Her book is a bold and fascinating read in which she bravely tackles all the challenges, including racism, which she has faced.
She says she has always known that she was black and she was fine with that because it was something that was very normal back home in Zimbabwe.
“It wasn’t something that needed defending or explaining — it simply was,” she writes in her book, “Everyone looked like me — my friends, my teachers, the shopkeepers, even the people on TV.
“Being black wasn’t political or loud, it was peaceful, background, freedom.
“But, when I started attending school as the only black pupil (at her school) in England, everything changed.
“Here, being black isn’t just who I am — it’s what I am to other people. A label.
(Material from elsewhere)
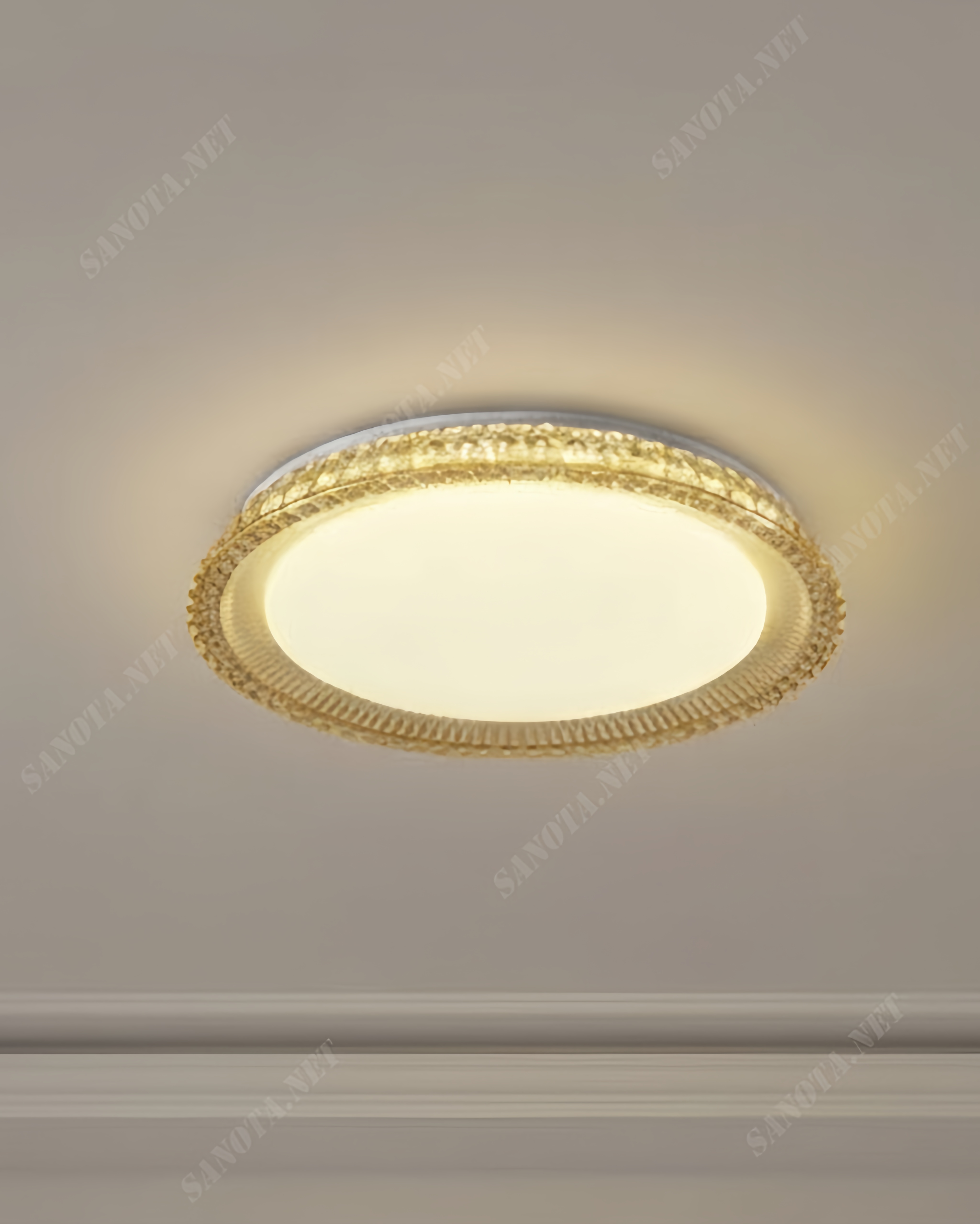 Điểm nhấn nằm ở khung viền mạ vàng cao cấp cùng vỏ đèn chạm khắc tinh xảo. Những hoa văn lấp lánh như pha lê tạo nên vẻ đẹp lộng lẫy và trong trẻo. Thiết kế hình tròn mang ý nghĩa phong thủy trọn vẹn, giúp hài hòa kiến trúc căn phòng. Kiểu dáng ốp trần gọn gàng giúp tối ưu không gian cho các căn hộ trần thấp.

A burden. Something they notice before they notice me.”
She is not the only one who has faced such hurdles.
She just happens to be the teenager who has dared to put it into a book and tell the world her story.
We salute Mikaylah for her bravery.
By writing her story she has managed to confront the issues which were haunting her.
She has managed to push them into the open for others to debate.
It’s not a weight that she carries anymore.
She now understands that this is the way the world is and has accepted it that way.
Writing her book has helped her, in a way, to heal.